Our findings highlight the importance for healthcare providers to address perceptions of asthma and its control not only from the parents’ point of view, but also the children’s, as they are the one who experienced the disease. Religious beliefs influenced the understanding of asthma and its management, especially on the use of inhalers during fasting month which was a concern among Malay children and parents. The mismatch of perceptions of asthma between children and parents could affect asthma outcome, e.g. poor asthma control, increased hospitalisation and quality of life. Children and parents were found to have poor understanding and misconception of asthma control, e.g. understanding normality in children and mismatch of perceptions of asthma control. Therefore, when parents had a mismatched and poor understanding of asthma control and the child is reliant on the parents, danger may arise because it may delay parents from seeking medical help. Negative experiences with the healthcare provider and school could also be a barrier for asthma care in children. The majority of the parents interviewed were female. This is the norm in Malay families where mothers mostly did the caregiving of children and fathers are usually the breadwinner for the family20.

Religious and cultural beliefs influence parents’ understanding of asthma. Some parents view asthma as a test from God as they viewed health as the greatest blessing that God had given to humankind and would accept such illnesses like asthma with patience, prayers, and meditation21. Malay parents were more ready to accept their children’s condition and even felt grateful about this. Some perceived that their children are not normal due to asthma, and a similar finding was found in other studies as well21,22,23,24. In non-Muslim countries, some qualitative studies showed that the mother would be in denial when their child was diagnosed with asthma and perceived asthma as a contagious disease23,24. Therefore, healthcare provider should be aware and addressed parents’ understanding of asthma taking into account their beliefs and culture during consultation.

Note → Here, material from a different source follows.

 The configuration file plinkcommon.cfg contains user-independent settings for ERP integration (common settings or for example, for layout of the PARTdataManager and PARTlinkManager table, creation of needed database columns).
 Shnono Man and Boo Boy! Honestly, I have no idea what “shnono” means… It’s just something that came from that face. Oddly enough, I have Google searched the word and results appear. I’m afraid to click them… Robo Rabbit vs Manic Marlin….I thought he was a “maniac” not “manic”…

Children were not expected to fast due to their young age until they reached puberty when fasting becomes an obligation. Even though most of them mentioned their asthma control had not been affected, readjusting medication time without discussion with a healthcare provider could affect asthma control and worsen the symptoms25. There was also confusion among parents and children regarding the use of inhalers during fasting months as guidelines on the use of the inhalers vary in different Muslim countries15,26. Some permitted use of inhalers while others regard it as breaking the fast during the fasting month. In non-Muslim countries, such as in the United Kingdom, children were advised to break the fast if asthma worsens27. Fasting is not specific to Islam, but this was not an issue in other religions as the use of medication during fasting month was not considered breaking the fast28. This confusion needs to be addressed, or it could contribute to non-adherence to asthma medication during the fasting month. A study showed that only 13% of adult asthma patients used medication as usual during the fasting month, while the remaining altered the timing of inhaler use29. The Islamic scholars and Ministry of Health could convene a consensus among them and issue a statement or guide to inhaler use during fasting month so that consistent message is delivered to Muslim patients with asthma.

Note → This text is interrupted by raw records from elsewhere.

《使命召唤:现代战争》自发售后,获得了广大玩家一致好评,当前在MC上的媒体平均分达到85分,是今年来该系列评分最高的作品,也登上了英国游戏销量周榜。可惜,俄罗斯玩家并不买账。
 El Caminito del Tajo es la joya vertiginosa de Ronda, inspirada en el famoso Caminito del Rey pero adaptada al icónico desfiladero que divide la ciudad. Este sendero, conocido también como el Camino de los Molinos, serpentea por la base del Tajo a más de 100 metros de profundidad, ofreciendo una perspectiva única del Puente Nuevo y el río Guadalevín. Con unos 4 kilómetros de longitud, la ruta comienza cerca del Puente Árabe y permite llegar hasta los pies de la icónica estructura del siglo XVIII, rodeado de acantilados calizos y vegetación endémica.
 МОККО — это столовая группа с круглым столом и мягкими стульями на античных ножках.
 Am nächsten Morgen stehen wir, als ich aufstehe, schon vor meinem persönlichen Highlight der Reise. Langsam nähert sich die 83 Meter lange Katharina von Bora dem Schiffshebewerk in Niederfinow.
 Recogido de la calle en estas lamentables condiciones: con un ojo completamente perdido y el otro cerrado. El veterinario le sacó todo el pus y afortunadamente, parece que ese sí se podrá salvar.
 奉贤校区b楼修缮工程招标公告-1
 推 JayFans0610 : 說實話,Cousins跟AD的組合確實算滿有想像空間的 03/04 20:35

We found there was a mismatch between children’s and parents’ perceptions of asthma. Even though both children and parents understood asthma from their experiences, children were the ones who experienced the symptoms. Children understood asthma mainly based on their experience of symptoms while the parents only observed the children and accepted it as a test from God. Rather than just observing the symptoms, parents should talk to the children about their asthma to help understand their condition better30. This discrepancy showed communication gap between children and parents, which could lead to poor asthma management in children31.

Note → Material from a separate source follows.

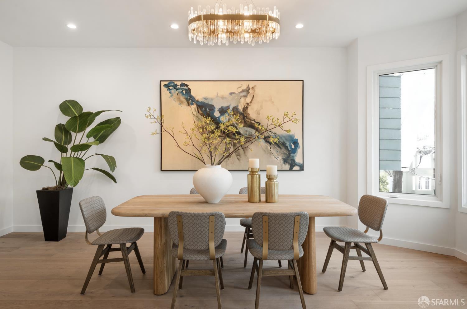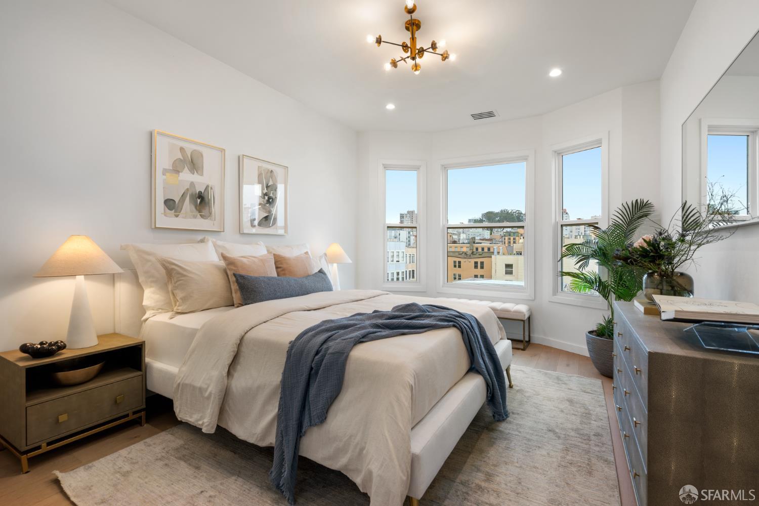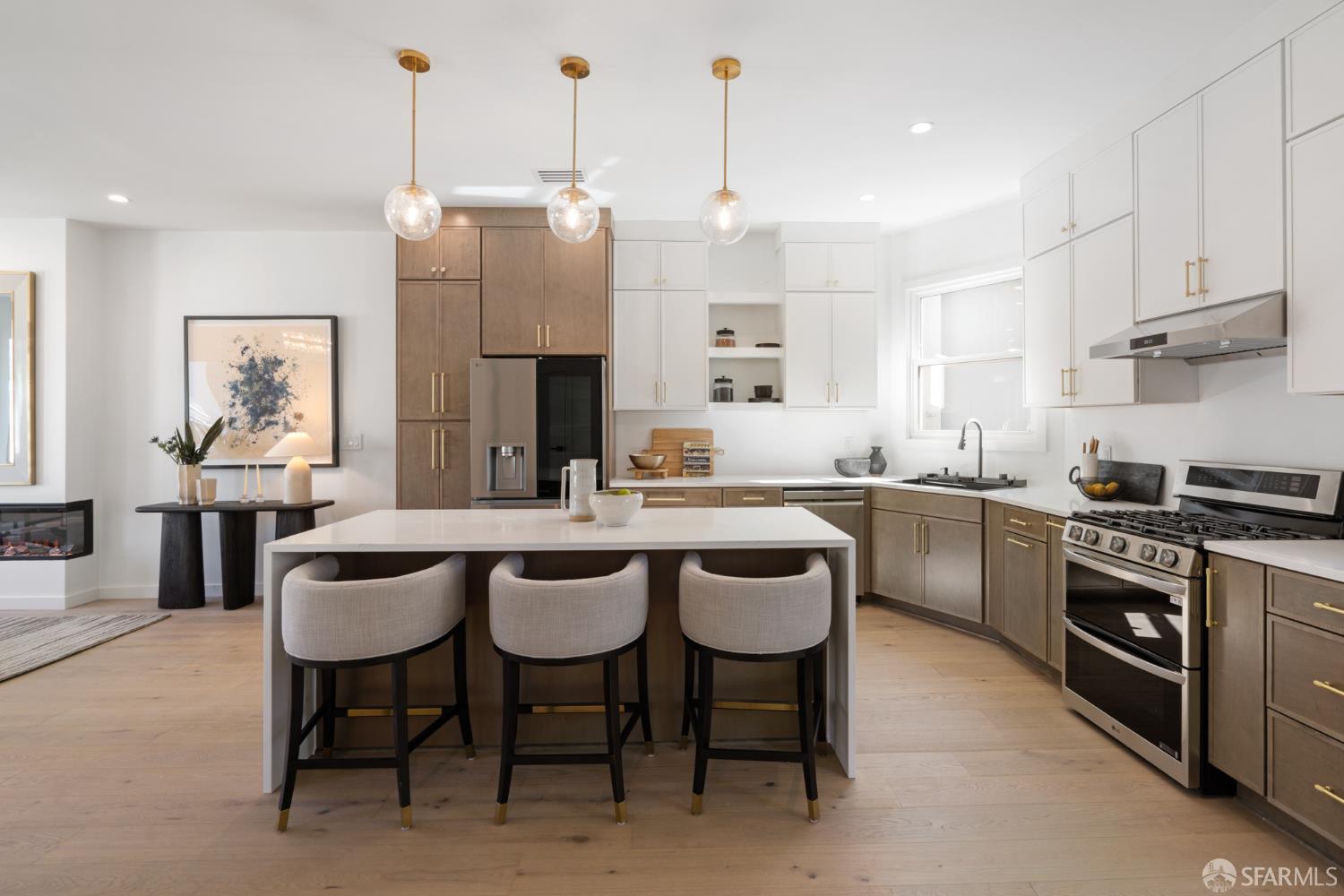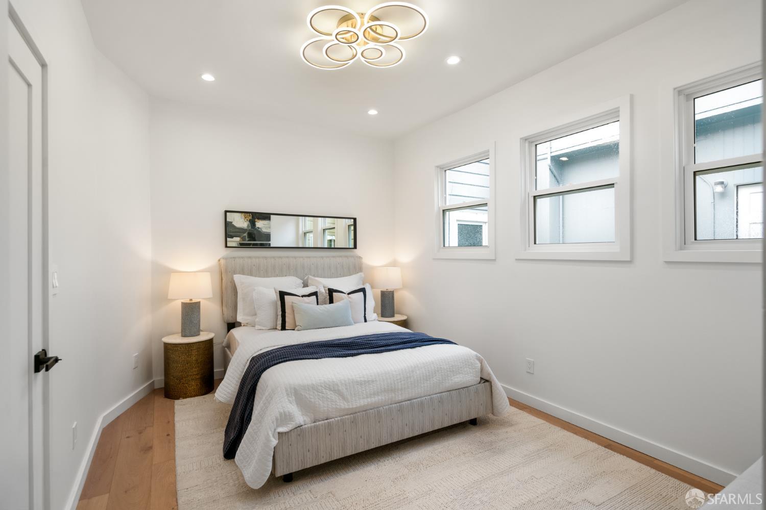 Sophisticated and bright top-floor, luxe living in a prime location reworked with thoughtfully designed floorplan, and windows on all four sides, ready to shine following it’s just-finished extensive remodeling. Voluminous open-concept living/dining with soaring ceilings just under ten feet, and large operable bay windows provide abundant natural light, city outlooks, often rendering the new modern ceiling lights unnecessary. Sleek enclosed 60” fireplace giving warmth on foggy days and modern focal point. Clean, contemporary flooring throughout. Spacious dining area presents ideal entertainment space for large gatherings. Thoughtful gourmet kitchen anchored by large eat-in island wrapped in beautiful quartz with storage and built-in microwave drawer. Warm, tall cabinets, and custom pullouts enable a plethora of storage options. Warm accents, stainless appliances, and commercial grade 33” oversized stainless-steel workstation sink add to the special conveniences. Hallway with operable windows separates entertaining and private spaces. Primary suite at rear of home offers personal retreat. Large bay windows with Golden Gate Bridge peek-a-boo views fill the room with natural light. Room for a king bed, and walk-in/walk-through closet. Ensuite extends luxury spa-like sanctuary with modern touches, and stylish fixtures. Separate deep soaking tub from stall shower with rain shower and hand-held wand. Smart faucet with temp display, LED lit mirror, and elongated bidet toilet. This striking bathroom with warm color palette brings the primary suite full circle. Second bedroom with large bay windows also with Golden Gate Bridge peek-a-boo views, and abundant natural light. Second modern bathroom delivers well-designed environment with soaking tub and rain shower and separate hand-held wand, LED lit mirror, smart faucet with temp display, and elongated bidet toilet. Third bedroom presents modern lighting, multiple windows, and options for plethora of uses from home office to home gym. Laundry closet with new large capacity stacking machines, room for supplies, and window with blue-sky outlooks. Basement storage. Completely remodeled, bright top-floor with windows on all four sides, soaring ceilings, voluminous entertaining areas, modern conveniences, contemporary touches, fantastic location, neighborhood amenities, leased parking nearby-ideal San Francisco with quintessential SF architecture, combined with modern updating, and classic desirable location.

A mismatch was also found in the understanding of asthma control between children and parents where children felt their asthma control was uncontrolled while parents thought the child’s asthma was improving as the child grew up. This mismatch in perceptions was quite worrisome as it might influence parents in managing their child’s asthma32. Children and parents had a poor understanding of asthma control as they perceived mild symptoms as normal. Parents would restrict their children from physical activities to avoid getting asthma symptoms. These views were contrary to the aim of achieving good asthma control which is that children with asthma could have a normal life33. Reducing physical activity in children to prevent asthma symptoms could lead to detrimental effects such as the increased risk of obesity which may, in turn, worsen their asthma34. Other studies among different ethnic groups also found participants’ perception of asthma and its control were strongly influenced by their understanding of the disease35. Children’s perception of asthma control was influenced by the parents’ perceptions. Therefore, it is essential to educate children, and correct misconceptions before they grow into adulthood36 or the children will continue having misunderstanding about asthma and its control.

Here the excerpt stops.